(Data section)

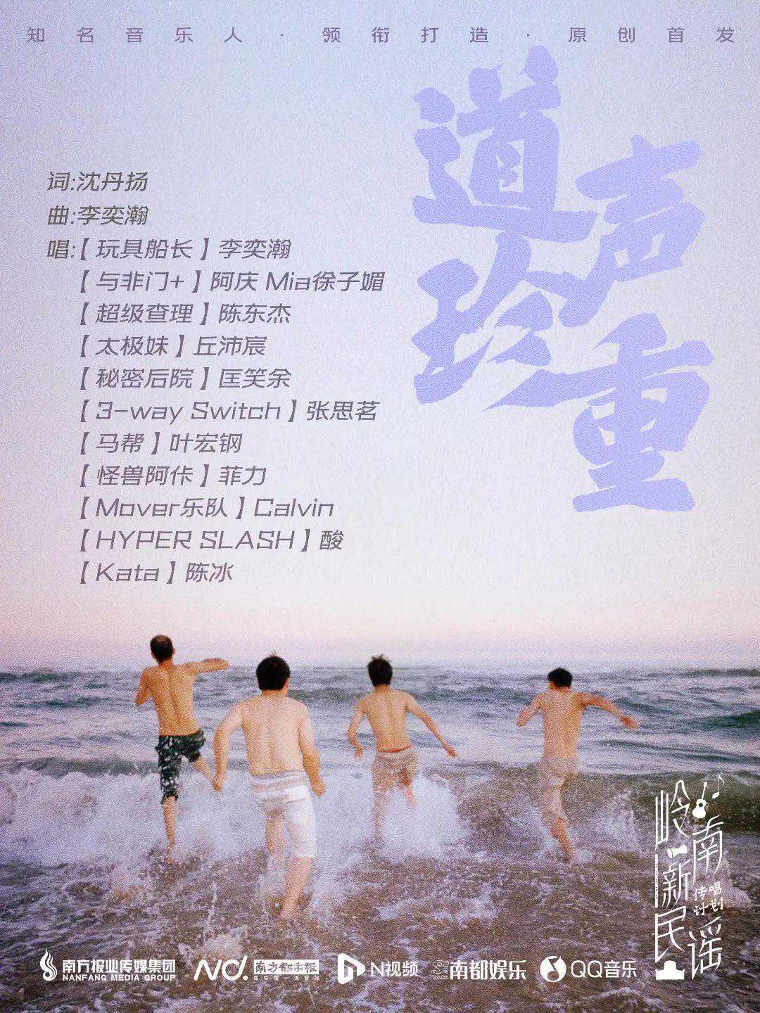 玩具船长联袂与非门+、太极妹、3-waySwitch、Kata、超级查理、Mover乐队主唱共唱《道声珍重》。除了大海的气息、唐阮的韵律,作品在尾端加入一群人的呼喊,有潮汕话、客家话、粤语等。互道珍重是诚挚祝福,也是新年祈愿,唱出岭南新民谣的集体真挚和温暖声响。
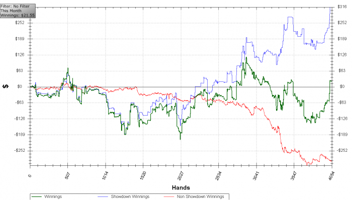 Лень меня побеждает. Войти в рабочий ритм трудно, а вот выйти из него очень легко, особенно когда деньги особо и не нужны. Тусовался с друзьями, занимался разной ерундой. В мае ещё и отдохнуть съезжу на 2 недели. Плюс перестал играть в двух румах (в одном рб порезали, другой проблемный, вывел оттуда всё), но сейчас создал 1 новый акк и ещё сегодня-завтра 1 создам, буду потиху входить в режим. Т. к. на покер забил, то забил, естественно, и на дневник. Играл с марта только на PS, в среднем меньше 1 часа в день:
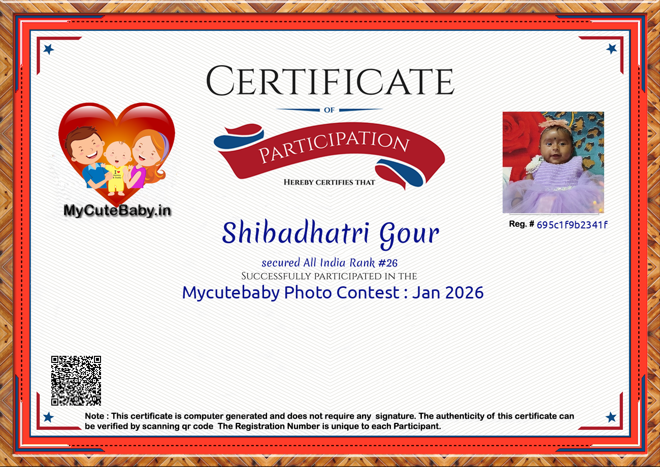 MyCuteBaby is India's most trusted and oldest baby photo contest with best voting securities & transparency system. MyCuteBaby has been organizing monthly contests since February 2017 and has declared 10,900 winners across 109 monthly contests from February 2017 to February 2026 .
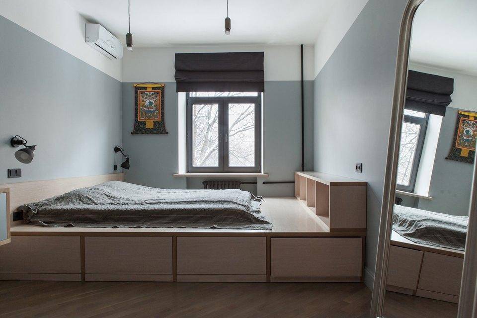 Этот параметр особенно важен для владельцев малогабаритных квартир. Подиум предполагает свободное пространство в основании, где могут быть спрятаны сезонные вещи или предметы, в которых нет постоянной необходимости.

(End Data section)

→ Aim of the exercise
The reply should consist only of the lines from the top of the material above through the line with "Лень меня побеждает.", printed exactly, pictures omitted.

→ Result
 玩具船长联袂与非门+、太极妹、3-waySwitch、Kata、超级查理、Mover乐队主唱共唱《道声珍重》。除了大海的气息、唐阮的韵律,作品在尾端加入一群人的呼喊,有潮汕话、客家话、粤语等。互道珍重是诚挚祝福,也是新年祈愿,唱出岭南新民谣的集体真挚和温暖声响。
 Лень меня побеждает. Войти в рабочий ритм трудно, а вот выйти из него очень легко, особенно когда деньги особо и не нужны. Тусовался с друзьями, занимался разной ерундой. В мае ещё и отдохнуть съезжу на 2 недели. Плюс перестал играть в двух румах (в одном рб порезали, другой проблемный, вывел оттуда всё), но сейчас создал 1 новый акк и ещё сегодня-завтра 1 создам, буду потиху входить в режим. Т. к. на покер забил, то забил, естественно, и на дневник. Играл с марта только на PS, в среднем меньше 1 часа в день:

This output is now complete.